In much the same way Freemasons try to trace their origins back
to ancient temple builders, the Secret Society of Sysadmins
traces shared ancestry back to priests at the Oracle at Delphi.
As a luser ("Hi, my name is Karl. I'm a luser."), understand
your sysadmin will never truly be happy. The best you can do is
keep him from going postal or giving your 20" monitor to a VP.
No matter how much time you devote to listening to him complain
about management, his lousy pay and hours, and the other
lusers, he will never be your friend. Sysadmins have no time
for friends. Don't feel sorry for him, however. He likely has
pet or a sailboat. That's all he truly needs in Real Life.
The most important thing you can do for a sysadmin is never
intimate that any Microsoft product serves a purpose other than
to make life difficult.
The Usenet newsgroup alt.sysadmin.recovery is a good place to
figure out what sysadmins really hate (you) and what they
really like (command-line interfaces).

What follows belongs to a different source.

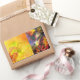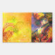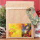 Colourful ,whimsical and vibrant watercolor painting in bright red,brown,yellow,orange,green colours with gold and silver foil .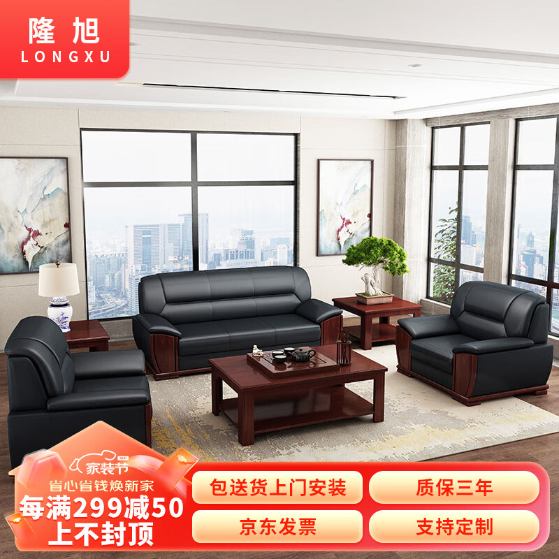 隆旭办公家具办公沙发组合办公室会客接待商务皮沙发牛皮3+1+1价格:4650.00元!

The group's FAQ is
maintained at csel.cs.colorado.edu/~crosby/asr. Much collected
wisdom can be found at www.xnet.com/~raven/Sysadmin.html. The
Tech Tales web site (www.techtales.com/techroom.html) can help
you understand why sysadmins hate lusers so much.
When you begin to empathizing with your sysadmin's suffering,
you'll get some real work done. Don't offer him **advice**,
however. Act like you are part of the evil machinery that works
to make his life difficult and your only hope of salvation is
his deep knowledge of networks, hardware, and how Microsoft
could have done it right if he was Bill Gates.